This section follows Lugosi (2006) closely.

The tail-sum formula

If $X$ is a nonnegative real-valued random variable, $$ {\mathbb E} X = \int_0^\infty {\mathbb{P}} \{X \ge x\} dx $$

Jensen's Inequality

If $\phi$ is a convex function from ${\mathcal X}$ to $\mathbb{R}$, then $\phi({\mathbb E} X) \le {\mathbb E} \phi(X)$.

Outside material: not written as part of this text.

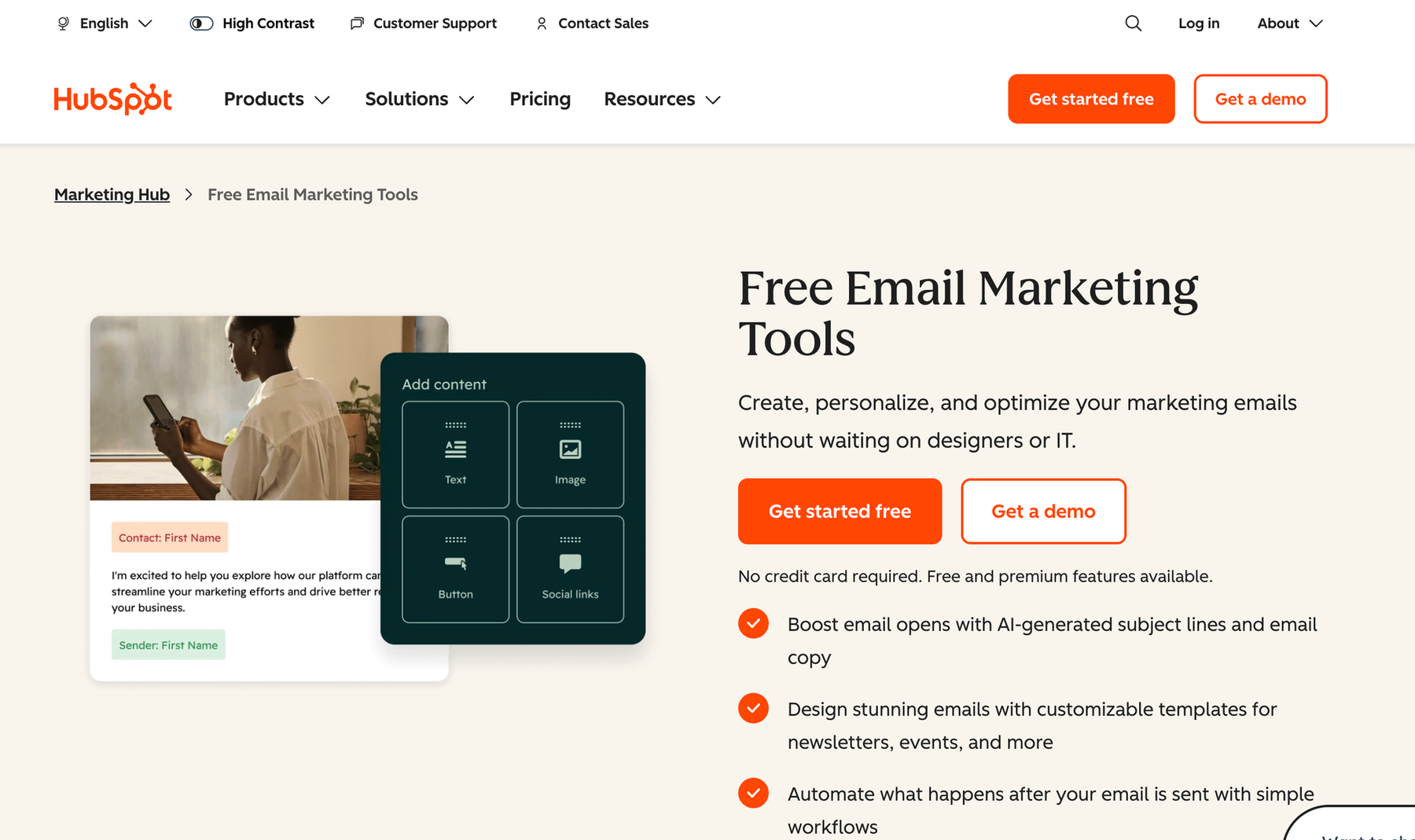 HubSpot has a free plan that lets you send up to 2,000 emails a month for basic email marketing. The paid plans, on the other hand, get expensive quickly. They start at $15 per month and go up to thousands of dollars per month for business features.

From the tail-sum formula, $$ {\mathbb E} X \ge \int_0^t {\mathbb{P}} \{X \ge x\} dx \ge t {\mathbb{P}} \{X \ge t \} $$ so $$ {\mathbb{P}} \{ X \ge t \} \le \frac{{\mathbb E} X}{t}. $$ This is Markov's Inequality.

Moreover, for any strictly monotonic function $f$ and nonnegative $X$, $$ {\mathbb{P}} \{ X \ge t \} = {\mathbb{P}} \{ f(X) \ge f(t) \} \le \frac{{\mathbb E} f(X)}{f(t)}. $$ In particular, for any real-valued $X$ and real $q > 0$, $| X - {\mathbb E} X |$ is a nonnegative random variable and $f(x) = x^q$ is strictly monotonic, so $$ {\mathbb{P}} \{| X - {\mathbb E} X | \ge t \} = {\mathbb{P}} \{ | X - {\mathbb E} X |^q \ge t^q \} \le \frac{{\mathbb E} | X - {\mathbb E} X |^q}{t^q}. $$ This is the Generalized Markov Inequality.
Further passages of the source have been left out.